Butternut squash burrito bowls are healthy, easy vegetarian dinner! Filled with black beans, pico de gallo, kale & avocado, they're hearty & delicious.
fall / gluten free / vegan-option
Sometimes I feel like I have a never-ending stream of ideas. One idea leads to the next and a few tangents later they multiply into lists full of recipe possibilities. Other times, I’m completely blank.

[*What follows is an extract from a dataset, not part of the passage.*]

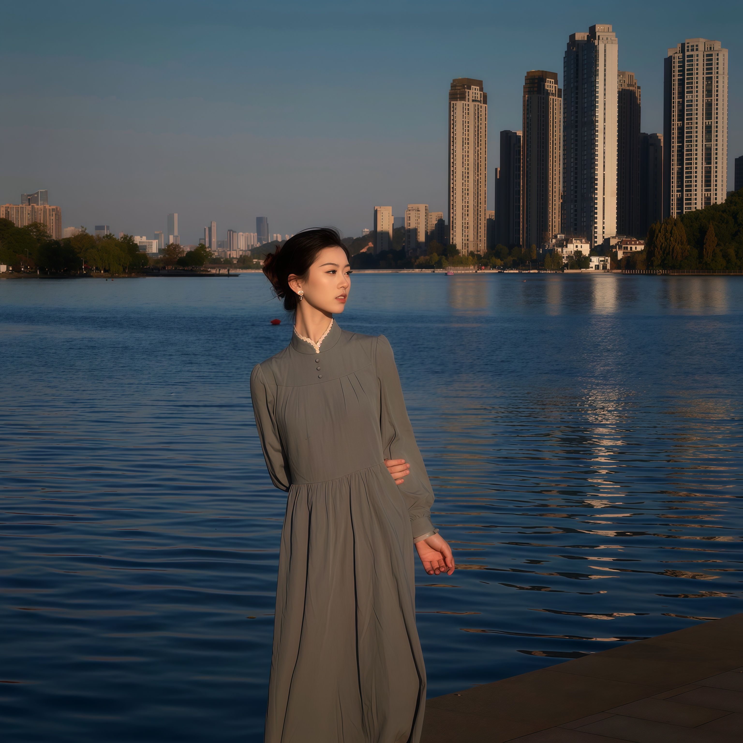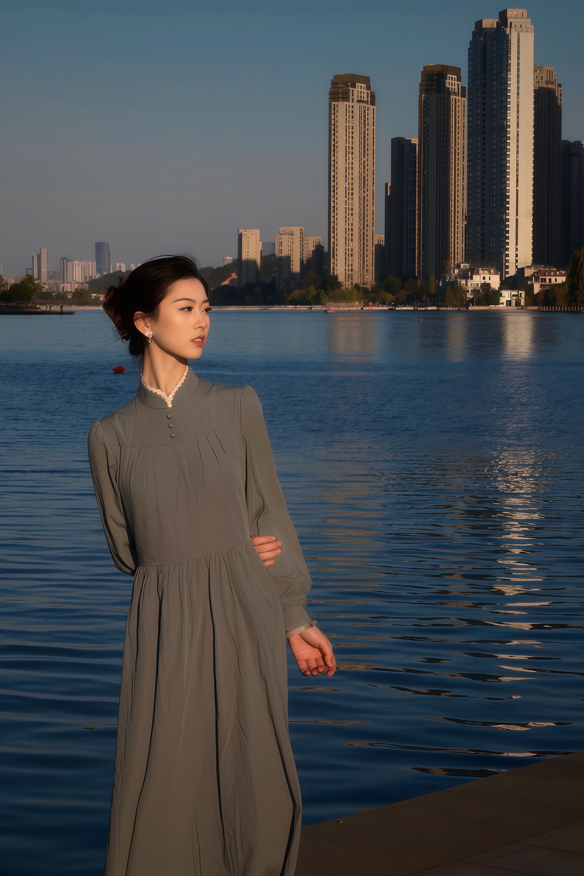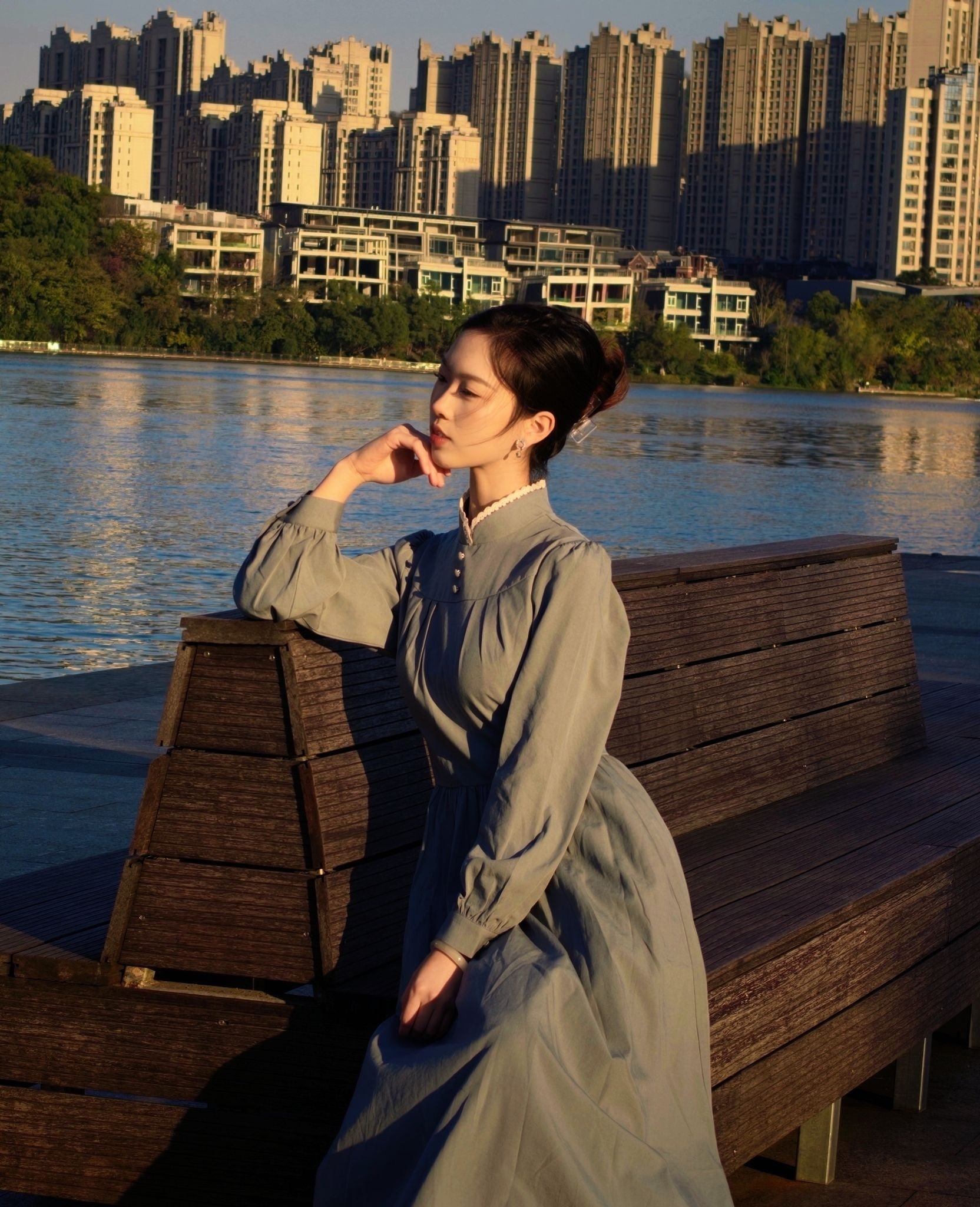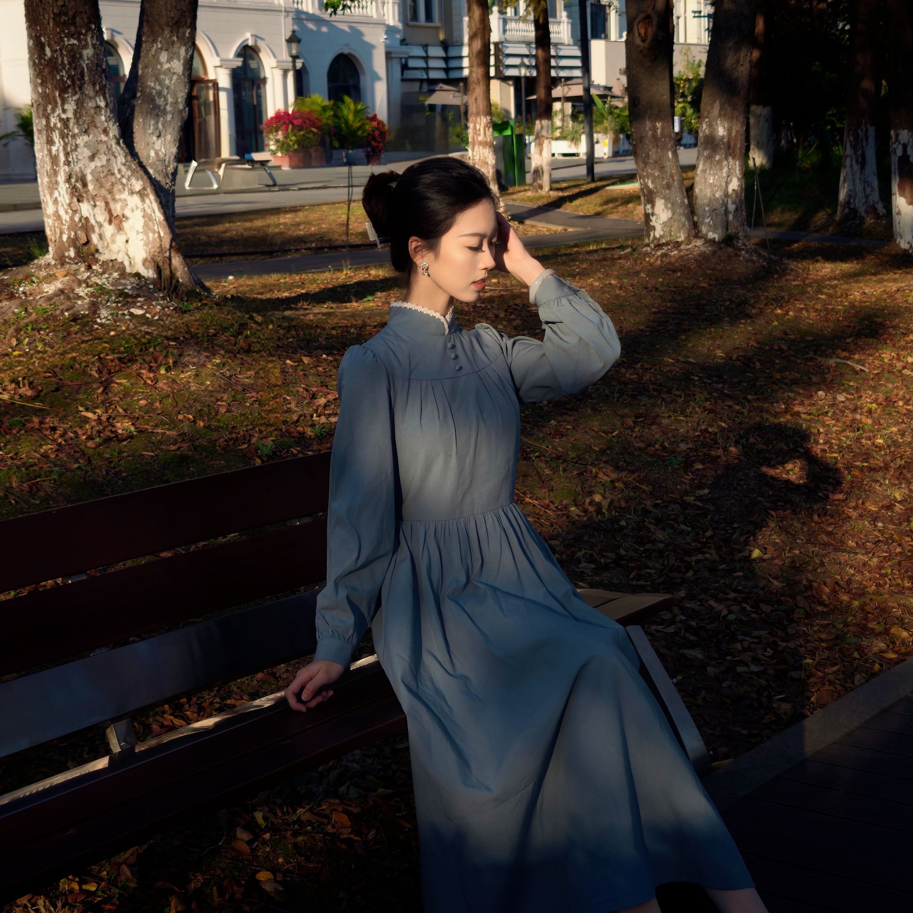 灰蓝色长裙➕蕾丝立领巧妙设计搭配在一起,总觉得有点禁欲味 刚拿到手衣服棉质手感➕这个低饱和度的灰蓝色我眉头一皱以为网购翻车了 上身后居然感觉有种古朴沉静的气质呼之欲出,类似于欧洲修女服的庄重却又因为领口的独特设计增添了一丝俏皮。 穿上后明明是那么不眨眼的颜色确总感觉很抓眼,再加上这么素淡的颜色和简约的设计,偏偏又将掐腰设计的非常漂亮,更显高挑纤细! 太妙了,衣如其店名“枕梦山庄"朦胧中的典雅,我认...

This is the part where I usually talk about how I was romantically re-inspired after a stroll through the farmers market. But not this time. This weekend, we strolled and we market-ed. Still blank. Then, this idea popped into my head at Chipotle, of all places.
It was a rare day that we were even at Chipotle, (we usually favor our local Freebirds). Either way, I’m a sucker for a burrito bowl and I loved the idea of adding butternut squash for a seasonal spin.
I’m also a sucker for alliteration – so the 3 B’s in Butternut Burrito Bowl had a nice ring to it. Although I actually have 4 B’s in here, if you count the brown rice. (btw, if anyone from Chipotle is reading this: Brown Rice. Just sayin’).
This ingredient list looks long, but feel free to take it in pieces. No corn? Skip it. Tomatoes out of season? Use a good store-bought salsa instead.
I made a creamy avocado sauce with yogurt and cilantro. If you’re vegan, you can use cashews and water in place of the yogurt. And if you’re blender-less (or just short on time), mash up the avocado with lime and salt for a basic no-fuss guacamole. If you’re paleo – leave out the rice and beans and turn this into a big kale salad.
Butternut Squash Burrito Bowls
PrintAuthor: Jeanine DonofrioServes: 4IngredientsTomato-corn pico de gallo*- 1 cup chopped tomatoes
- ½ cup fresh corn kernels
- ¼ cup finely chopped red onion
- 1 garlic clove, minced
- Juice of 1 lime
- ½ sliced serrano
- Small handful chopped cilantro
- Sea salt and fresh black pepper
- 1 small butternut squash, peeled & cubed
- Extra-virgin olive oil, for drizzling
- Sea salt and fresh black pepper
- ½ teaspoon chili powder
- 2 cups cooked brown rice
- 1 can black beans, drained and rinsed
- A few leaves of kale (lightly massaged with olive oil)
- ¼ cup toasted pepitas
- 1 ripe avocado
- ¼ cup yogurt (vegan sub: ¼ cup cashews + ¼ cup water)
- Juice of ½ lime
- 1 garlic clove
- 1 tablespoon minced onion
- ½ teaspoon ground cumin
- ½ teaspoon ground coriander
- ¼ cup chopped cilantro
- Sea salt and fresh black pepper
- Water, as needed, to thin
**If you don't have a blender, just mash the avocado with salt & lime for a quick and easy guacamole.